Jan 27 2025

Livestream: A Conversation with Jack Szostak, PhD

Dean’s Distinguished Lecture series

January 27, 2025

12:00 PM - 12:45 PM

Location

UIC Health Sciences Campus-Rockford, S232

Students, residents, fellows, and postdocs are invited to “A Conversation with Jack Szostak, PhD, exclusively for College of Medicine students and trainees on Monday, January 27, noon-12:45 p.m. It will be  livestreamed to the Rockford Campus in Room S-235. During this session, Dr. Szostak will share perspectives on his education, training, and progression through his career, and students will be invited to ask questions.

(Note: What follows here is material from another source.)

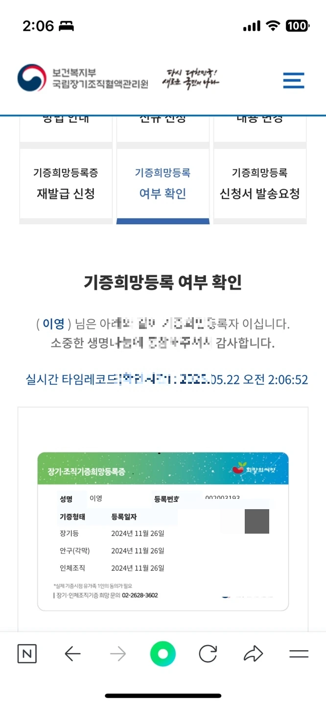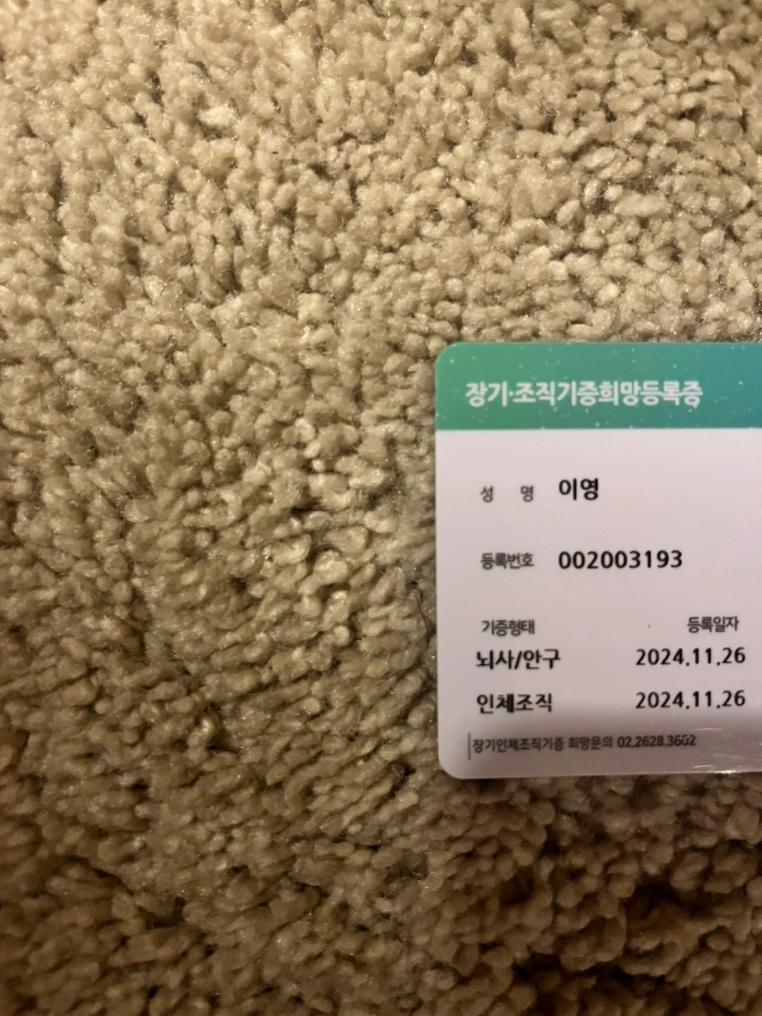 장기기증 등록증과 감사 편지가 함께 들어 있었다.

There will be a in-person event on the Chicago Campus in Moss Auditorium.

After this conversation, Dr. Szostak will deliver the Dean’s Distinguished Lecture, "The Origin of Life: How did Chemistry give rise to Biology?" to the College of Medicine community, on Monday, January 27, 2-3 p.m., in CMWT 227 on the Chicago Campus and via livestream link.

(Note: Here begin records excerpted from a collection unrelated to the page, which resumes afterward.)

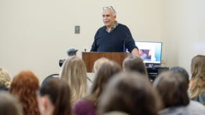Trinity students also were involved in organizing and documenting the visits with the filmmakers. Angelica Gajewski ’26, an English and film studies double-major who worked with the coordinating committee, said she was interested in the relationship between Schrader and Banks as a tangible example of the collaborative nature of both film and literature. “Paul, Linda, and Caerthan all spoke to different aspects of collaboration, with Linda as a film producer and natural connector, and Caerthan taking on the unique role of an intergenerational, legacy-minded collaborator,” Gajewski said. “My hope is that the Schrader/Banks event series offered students a unique and approachable way to engage with film culture, expanding arts engagement on campus and highlighting the diverse ways it can take shape.”
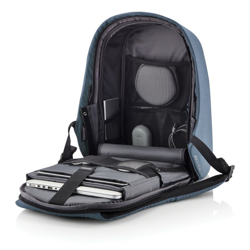 Plecak chroniący przed kieszonkowcami Bobby Hero Small, wodoodporny i odporny na przecięcia materiał, wykonany z przyjaznego środowisku materiału RPET, ukryte zamki i kieszenie, wewnątrz miękkie przegrody na laptopa do 13,3" i tablet do 12,9", zintegrowany port USB do ładowania telefonów (power-bank nie jest dołączony), odblaskowe paski zwiększające widoczność, pasek do zamocowania na walizce, wzór zastrzeżony®, ślad węglowy produktu: 6,28 kg CO2
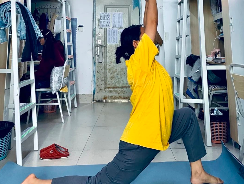 面對當(dāng)前嚴(yán)峻形勢,學(xué)院發(fā)出“停課不停學(xué)”的工作號令,全面啟動網(wǎng)絡(luò)線上教學(xué)。老師們走下三尺講臺,利用線上課堂等方式,不斷創(chuàng)新教學(xué)手段,開啟“云”上教學(xué)模式。疫情改變了學(xué)習(xí)方式,但未改變學(xué)習(xí)的溫度,合理而又自律的居寢學(xué)習(xí)計劃,讓學(xué)生在這段“特殊的假期”過得充實而有意義。 抗疫“宅寢”很無奈,多彩活動掃陰霾 學(xué)院還教育和引導(dǎo)廣大青年學(xué)生加強體育鍛煉,增強身體素質(zhì),確保身心健康。課余飯后,在“合理流動、不聚集”的要求下,宿舍成了同學(xué)們學(xué)習(xí)生活的主要場所,但寢室的生活同樣也豐富多彩,洋溢著無限的活力與歡樂。同學(xué)們用自己別樣的方式讓自己的健康“動起來”,有的宿舍坐著一起聊聊天,講訴自己經(jīng)歷的趣事,有的宿舍練起了瑜伽舒展身心,有的玩起了樂器,有的練起了書法,有的創(chuàng)作起了美術(shù)作品,紛紛為自己的靜默生活增添了一份活力,一掃疫情帶來的陰霾。

The purpose of the Dean’s Distinguished Lecture series is to expose all members of the UI COM research community to leading-edge science that involves both the depth and the breadth of scientific knowledge and technical expertise. This series hosts scientists who are leaders in important areas of contemporary scientific endeavors and who have made seminal contributions. See additional information about lecture series here.

Contact

Teresa Johnston

Date posted

Dec 18, 2024

Date updated

Dec 18, 2024

Speakers

Jack Szostak, PhD | University Professor and Professor of Chemistry | University of Chicago

Dr. Szostak received his BSc from McGill University in Montreal in 1972, and his Ph.D. from Cornell University, Ithaca, NY, in 1977. Dr. Szostak is a University Professor and Professor of Chemistry at the University of Chicago, and an Investigator of the Howard Hughes Medical Institute. Dr. Szostak is a member of the National Academy of Sciences and the American Philosophical Society, and a Fellow of the Royal Society, the American Academy of Arts and Sciences, and the American Association for the Advancement of Science. During the 1980s Dr. Szostak carried out research on the genetics and biochemistry of DNA recombination, which led to the double-strand-break repair model for meiotic recombination. At the same time Dr. Szostak made fundamental contributions to our understanding of telomere structure and function, and the role of telomere maintenance in preventing cellular senescence. For this work Dr. Szostak shared, with Drs. Elizabeth Blackburn and Carol Greider, the 2006 Albert Lasker Basic Medical Research Award and the 2009 Nobel Prize in Physiology or Medicine. In the 1990s Dr. Szostak developed in vitro selection as a tool for the isolation of functional RNA, DNA and protein molecules from large pools of random sequences. His laboratory used in vitro selection and directed evolution to isolate and characterize numerous nucleic acid sequences with specific ligand binding and catalytic properties. From 2000 until the present Dr. Szostak’s research interests have focused on the laboratory synthesis of self-replicating systems and the origin of life.